「一時的な胸痛」と「壊死を伴う胸痛」——冠動脈疾患の正しい理解と早期対応
狭心症は冠動脈が狭くなり一時的に心筋への血流が不足する状態、心筋梗塞は完全に閉塞して心筋が壊死する状態です。胸痛の性質・持続時間・ニトロの効き方を知っておくことが、命を救う判断につながります。胸に気になる症状がある方は、東静岡たけもと内科へご相談ください。
狭心症・心筋梗塞を疑う症状
以下の症状に心当たりがある方は、ご受診をお勧めします。
- 歩いたり階段を上ると胸が締め付けられる(労作性狭心症)
- 安静時に突然胸痛が起きる(不安定狭心症・冠攣縮性狭心症)
- 胸の痛みが数分で自然に治まる(狭心症の特徴)
- 胸痛が20分以上続く(心筋梗塞の可能性)
- ニトログリセリンで痛みが治まる(狭心症)・治まらない(心筋梗塞)
- 左肩・腕・顎・背中に痛みが広がる(放散痛)
- 冷汗・吐き気・息苦しさを伴う胸痛
「最近、少し歩くと胸が重い」という症状は狭心症の早期サインかもしれません。
狭心症と心筋梗塞の違い
2つの疾患は冠動脈疾患として連続していますが、重要な違いがあります。
狭心症
冠動脈が狭窄し、需要増加時(労作・ストレス)や攣縮時に一時的に血流が低下します。心筋は壊死せず、症状は数分〜15分で回復します。ニトログリセリンが有効です。
不安定狭心症
安静時にも発作が起きる・短期間に増悪するタイプ。心筋梗塞への移行リスクが高く、緊急評価が必要です。
心筋梗塞(STEMI・NSTEMI)
プラーク破裂により血栓が形成され、冠動脈が完全閉塞します。心筋が壊死し、痛みは20分以上続きます。迅速なPCI(経皮的冠動脈インターベンション)が必要です。
冠攣縮性狭心症(Prinzmetal型)
動脈硬化がなくても、冠動脈が攣縮(スパズム)することで起きます。夜間〜早朝に多く、日本人に多いタイプです。
診断方法
狭心症の診断は「症状の評価」と「画像・機能検査」の組み合わせが基本です。
安静時・負荷心電図
発作中はST変化が現れます。トレッドミル負荷試験で労作時の虚血を確認します。
心エコー・心筋シンチグラフィ
負荷心エコー・負荷シンチで虚血部位を特定します。
冠動脈CT・冠動脈造影(CAG)
冠動脈の狭窄部位・程度を詳しく確認します。CAGは専門施設で行います。
血液検査(トロポニン)
心筋梗塞の診断に必須。心筋壊死があればトロポニンが上昇します。
当院での治療・管理
安定狭心症の管理と、退院後の継続治療を担います。
薬物療法
硝酸薬(ニトロ)・β遮断薬・カルシウム拮抗薬・抗血小板薬・スタチンを組み合わせます。冠攣縮性狭心症にはカルシウム拮抗薬が特に有効です。
危険因子の管理
高血圧・脂質異常症・糖尿病・喫煙のコントロールが最重要です。
専門施設への紹介
不安定狭心症・心筋梗塞が疑われる場合は緊急搬送します。

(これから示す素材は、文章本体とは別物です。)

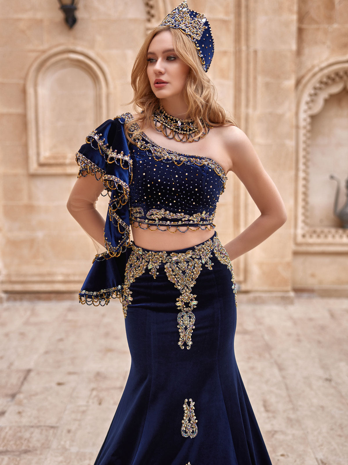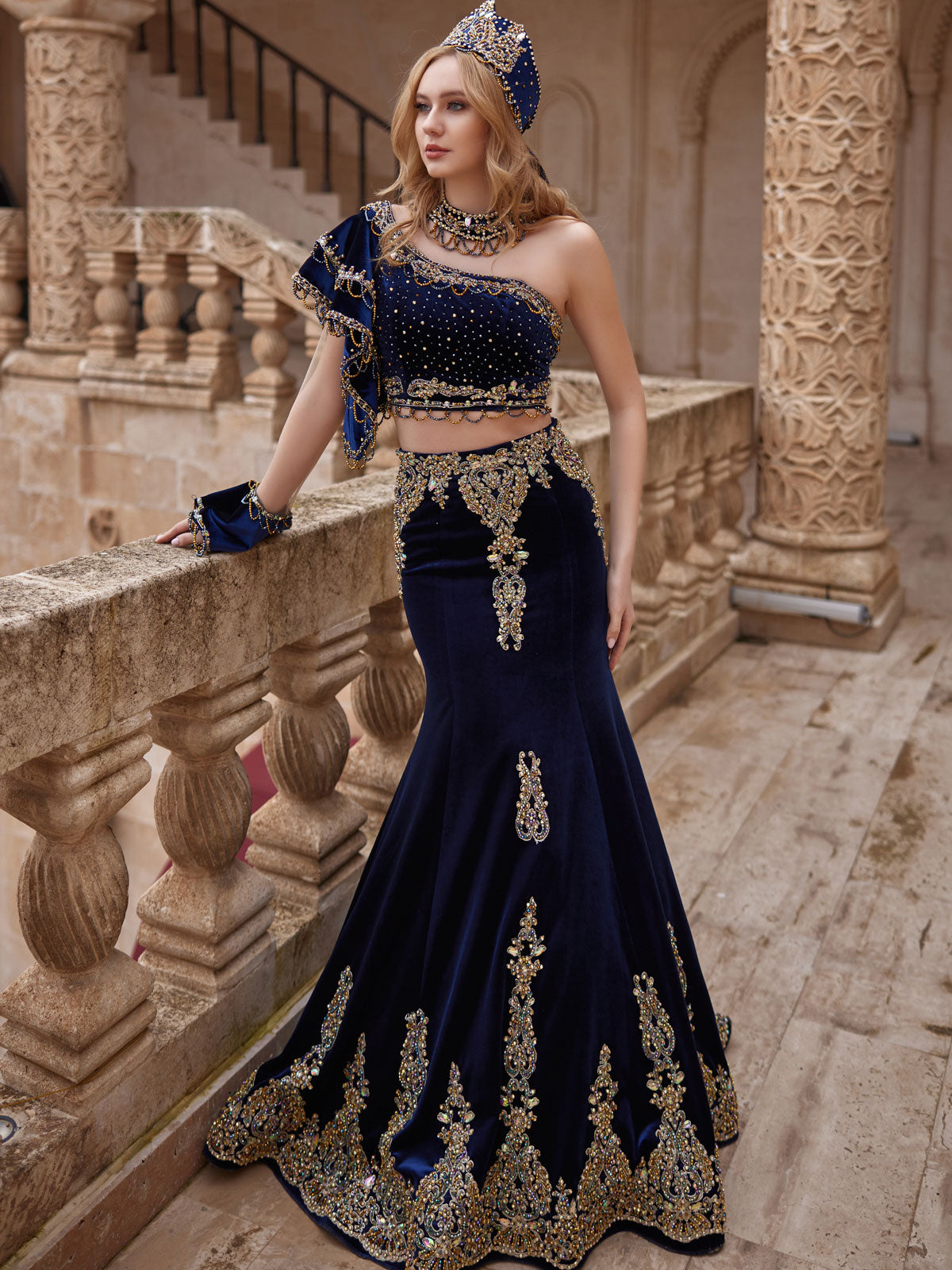 Be the center of attention in this trendy and chic Royal Blue One Shoulder Two Piece Velvet Cocktail Party Mermaid Dress. The velvet and sequin embellishments add a touch of luxury, while the illusion sleeve adds a touch of luxury. Embellished crop top and long fancy beaded sequined mermaid skirt with chapel train fits perfectly. Perfect for special occasions or cocktail parties, this dress is sure to make you feel fancy and stylish.

安定狭心症でもカテーテル治療(PCI)・冠動脈バイパス術(CABG)の適応評価のため専門施設へご紹介します。
治療期間・通院の目安
- 狭心症の薬物療法:長期(生涯)継続が基本
- 安定期の外来:1〜3か月ごと
- PCI後:1か月・3か月・6か月・1年の定期フォロー
- CABG後:主治医・当院での継続管理
心臓病の治療は「症状が治まっても続ける」ことが重要です。自己中断は再発・死亡リスクを高めます。
放置するとどうなるか
- 安定狭心症→不安定狭心症→心筋梗塞へ進行
- 心筋梗塞による心機能低下→慢性心不全
- 心室細動による突然死
- 再梗塞・ステント再狭窄
胸痛は「一時的だから大丈夫」と放置せず、必ず評価を受けてください。